And Seattle law currently bans scooters from places where bikes can go — sidewalks and bike lanes.
Gabriel Scheer, director of strategic development for Lime, said the city is right to be concerned about safety, but he noted that cars kill about 30,000 people a year in the U.S.
“Scooters, bikes, e-bikes, we should be trying them all right now because we don’t have a lot of options that are going to continue to move through downtown,” Scheer said. “They will get through traffic when cars won’t.”
Bird declined to be interviewed on the record but said in a prepared statement that the company is “incredibly interested” in the possibility that they could help during Seattle’s upcoming period of maximum constraint.
The company has launched what it calls an Ambassador Program. It’s offering a free, personal scooter to a “limited group of individuals” in Seattle to “help familiarize people” with Bird.
Scooter shares operate much like the dockless bike shares that have been in Seattle since last summer. You can find them on the street, unlock them with a smartphone app, leave them at your final destination.
They’re standing scooters (think Razor, not Vespa) with a small electric motor that maxes out at 15 mph, although they can go faster than that downhill.
Over the last year, they’ve been deployed in dozens of cities with huge popularity, but also with matching pushback.
Lime, which operates scooter, bike and electric-bike sharing, says scooters are the most popular, by far. The company said that for each time one of its standard pedal bikes gets used, an electric bike is used more than two times, and a scooter about five times.
Scheer, of Lime, said that pedal bikes “stop making sense” at the fee levels that Seattle is charging bike-share companies to operate in the city ($50 per bike per year).
The company recently raised prices on its pedal bikes from $1 per 30 minutes to $2.50. Its application to the city, filed in August, says it will move to 100 percent electric bikes in Seattle by early 2019.
Stationless bike sharing in general is proving to be a tenuous business model. Ofo, the Chinese bike-share giant, recently pulled out of almost every American market, Seattle included. Spin also pulled its bike shares out of Seattle and now promotes itself exclusively as a scooter company.
One reason commonly cited for scooter popularity: It’s a lot easier in a suit or skirt to ride a stand-up scooter than a bicycle.
Scheer said that they’ve also found, anecdotally, a large number of people who view themselves as noncyclists and so they won’t try the bikes.
“We don’t see that with the scooters,” Scheer said. “There’s something about it that has a different appeal to people, that just seems to draw more people in.”
“Easier than Uber”
Three people who saw me testing a Lime scooter in Occidental Square (it was zippy, a little bit scarier than I expected, but very easy to get the hang of) stopped to ask if scooters were coming to Seattle.
Andrew Evans, 28, moved here from Nashville in February.

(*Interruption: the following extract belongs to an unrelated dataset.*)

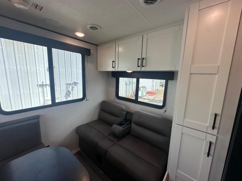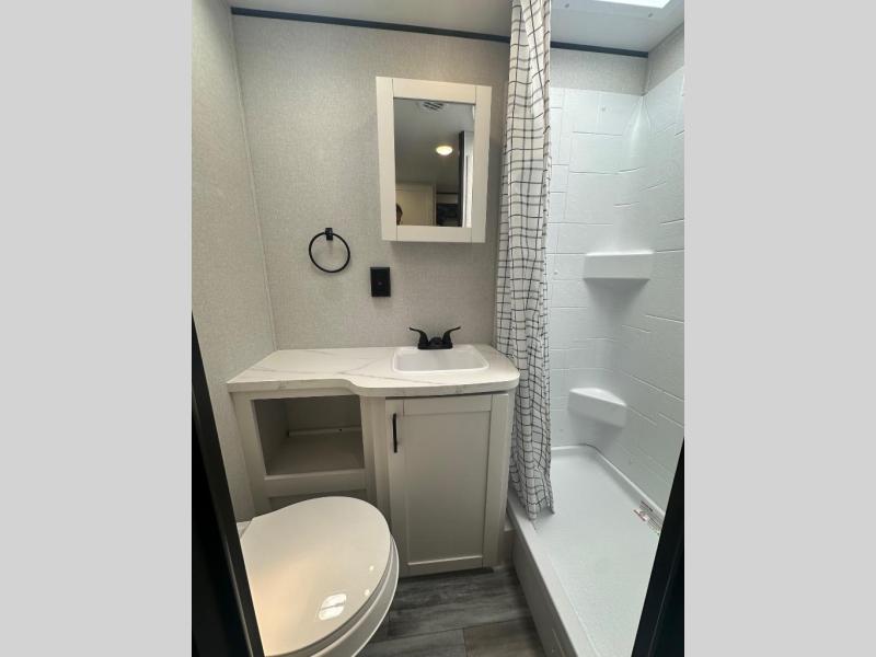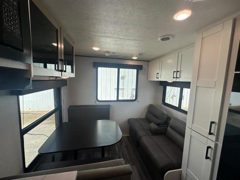 Camping in the woods is just what the doctor ordered and this trailer will provide all the interior comforts you need! There is a three burner cooktop and a microwave oven to prepare meals each day, plus an 8 cu. ft. 12V refrigerator for cold items. After your meal is made, you can dine at the booth dinette or relax on the jack-knife sofa, and these areas can become sleeping space for two to three guests at night. The full bath with a shower means you won't have to use the camp's facilities and the 16' power awning will provide protection from the sun as you visit with other campers!

In visits back since, he used Lime and Bird scooters to replace Uber rides. But he hasn’t used bike sharing since he’s been here and has no plans to.

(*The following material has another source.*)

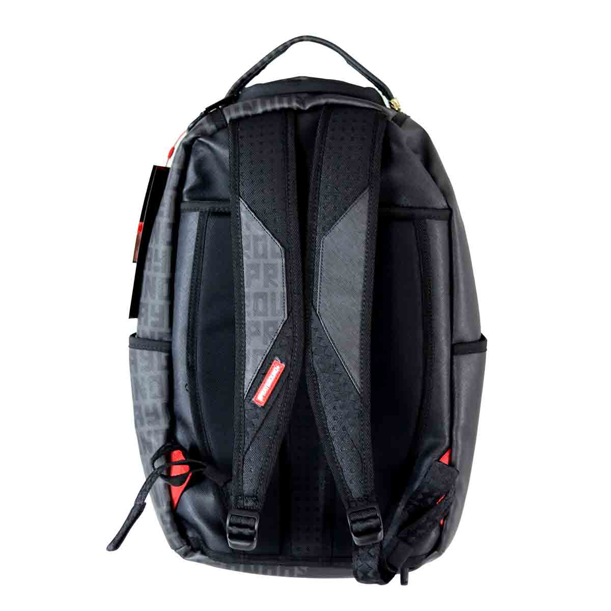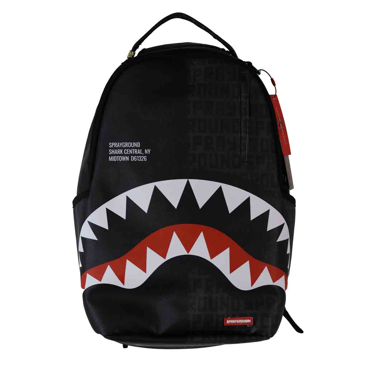 Zaino Shark nero di SPRAYGROUND in ecopelle con stampa logo a contrasto e shark classic con rosso e bianco. apertura con zip superiore. Misure 32x45x18cm.

“It’s easier than Uber,” Evans said of the scooters. “More convenient than riding a bike.”
But the scooters have raised hackles in cities where they operate, especially in places where companies barged in and dropped scooters on the street without permission.
Nashville, Tennessee, sent Bird a cease-and-desist order earlier this year, accusing the company of using public sidewalks without permission. The city has since passed legislation allowing scooters to return.
A similar scenario played out in San Francisco, where the city ordered the scooter companies to find a solution for improperly parked scooters, and then made them shut down. The city has since reopened its streets to scooters, but it has not allowed Bird, Lime or Spin to return, after the three companies had opened up shop without permission.
Portland, Spokane and Tacoma have launched pilot programs within the past two months that include scooter sharing.
Tacoma has a mix of 250 electric bikes and scooters in its 60-day pilot. Tacoma City Councilmember Ryan Mello said the city didn’t give much thought to distinguishing between bikes and scooters, although he expected scooters to be more popular.
“We’re very excited to try it out and give people a new opportunity to get around in an inexpensive way,” Mello said.
Spokane is running a two-month pilot program with 200 bikes, electric bikes and scooters.
After a little over two weeks, each pedal bike was ridden an average of three to six times per day and each electric bike was ridden four to eight times per day, according to Lime data forwarded by the city.
Each scooter was ridden nine to 16 times per day.